Not only that … we think it will be effective for Templeton.

The 47-year-old labor attorney is hoping to stave off a late challenge from Upstate businessman John Warren and land in a runoff election with McMaster – a race she is likely to win (assuming that’s how it unfolds).

(Click to view)

(Via: Provided)

Does this ad get her closer to that objective?  Or move her further away?  We believe it’s the former …

We’re not alone, either.

Former SCGOP chairman Matt Moore tweeted that Templeton “gets what Dems, MSM, Columbia bow-tie brigade don’t understand” – urging the candidate to “ignore feigned outrage and stand with the people.”

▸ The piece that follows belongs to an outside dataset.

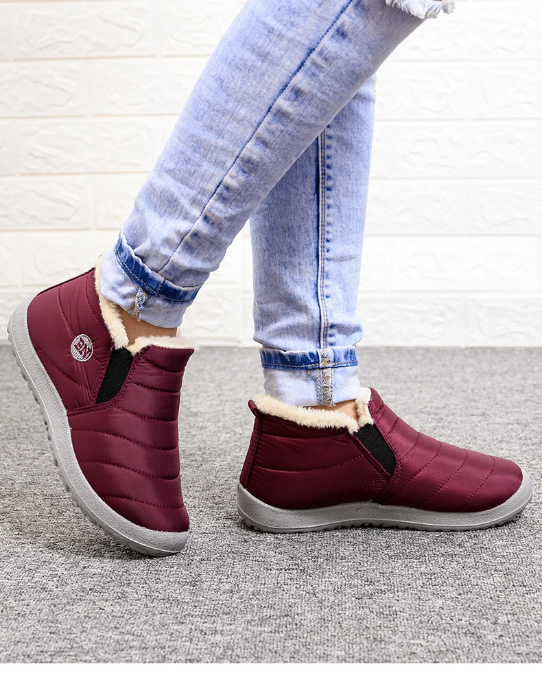 Женские ботинки; Сверхлегкая Зимняя обувь; Женские ботильоны; Botas Mujer; Зимние ботинки; Женская повседневная обувь без шнуровки на плоской подошве; Плюшевая обувь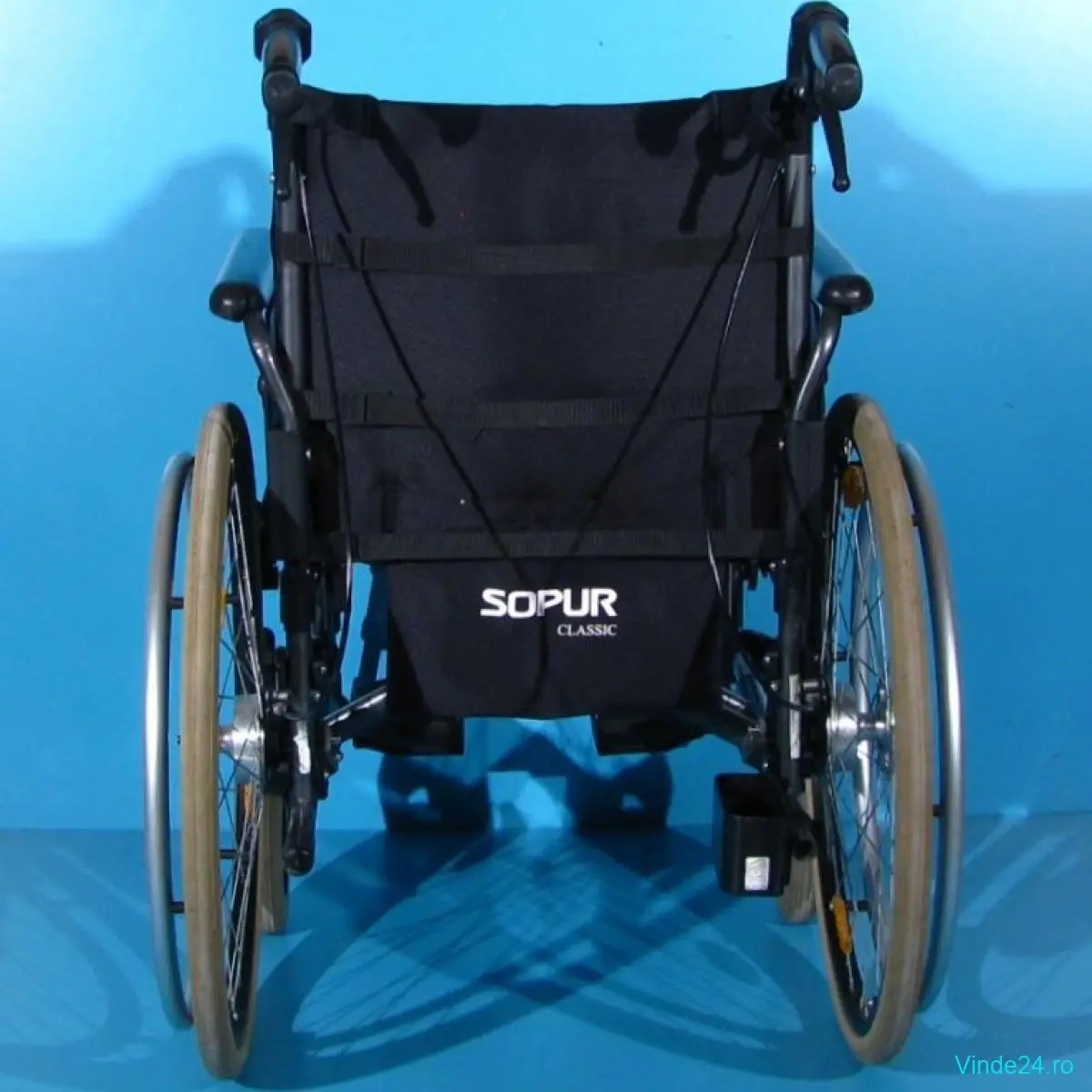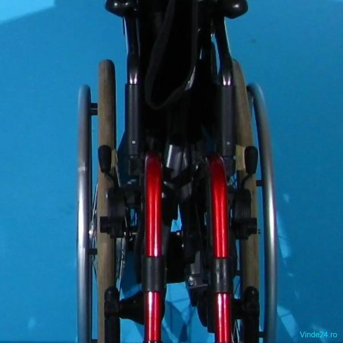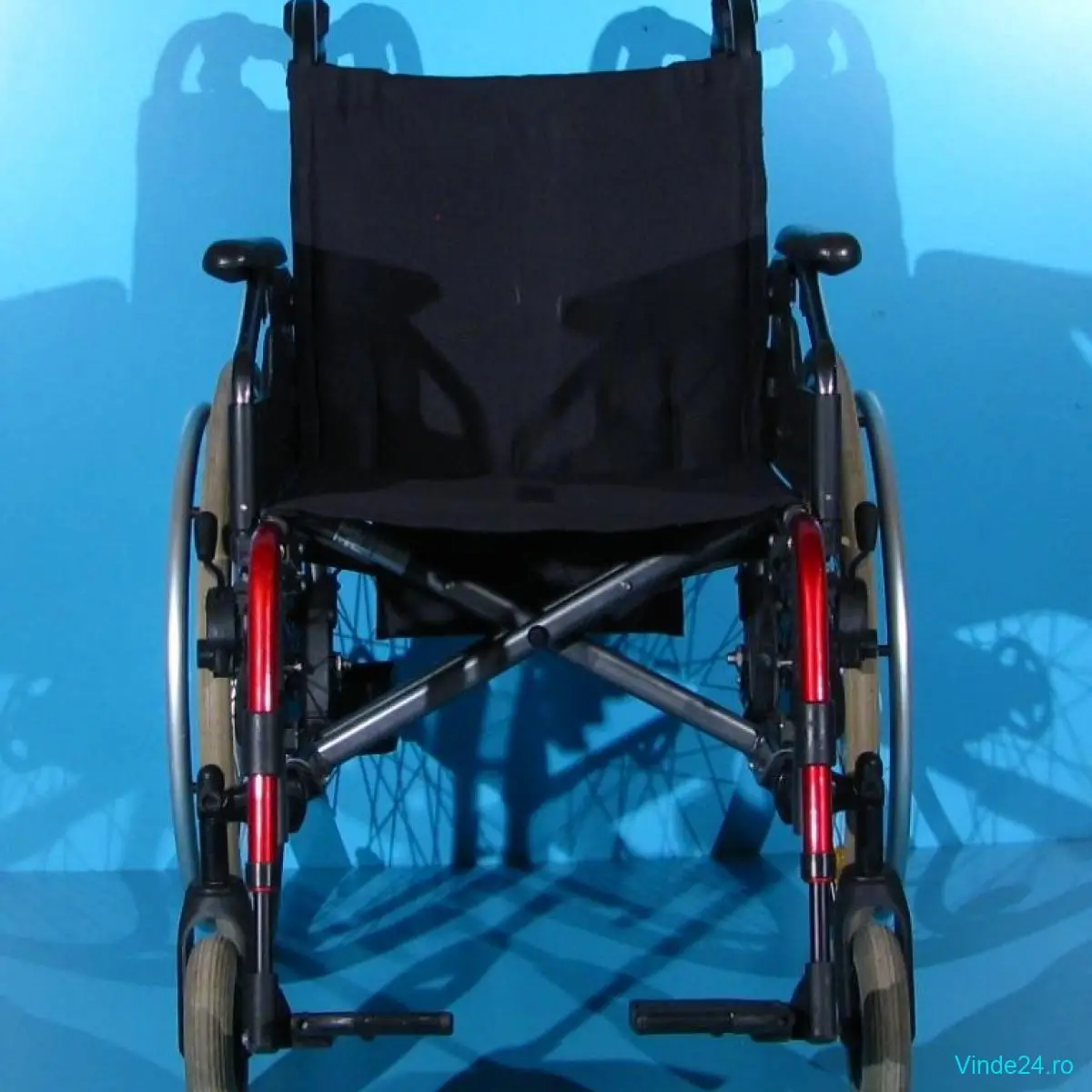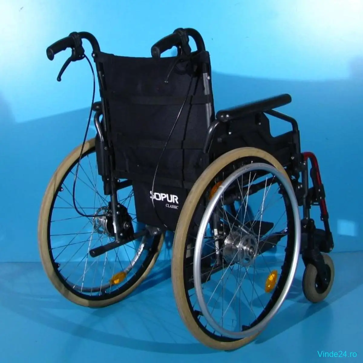 Carucior handicap second hand pliabil cu detasare rapida a rotilor, destinat deplasarii persoanelor cu handicap locomotor, si cu mobilitate scazuta.

“This is how governors are made,” Moore added.

We agree …

The South Carolina political/ media establishment clearly hates this ad … but as our founding editor Will Folks tweeted, “it ain’t for them.”  It’s for rank-and-file GOP voters who love their guns and hate fake Columbia politicians.

Which we think gives it resonance …

In an ironic twist, Templeton has been referred to as a “rattlesnake” before.  State representative Mike Pitts referred to her thusly a few years back during a legislative debate – although his meaning was complimentary.

“She rattles before she strikes,” Pitts said, meaning Templeton gave lawmakers a heads-up before she criticized them.

What does Templeton think of her ad (and the controversy it has ginned up)?

“I love that real conservatives are cheering because they know I will lead a conservative revolution,” she told us.  “I’ve also made the liberals and corrupt establishment mad – so I must be doing something right.”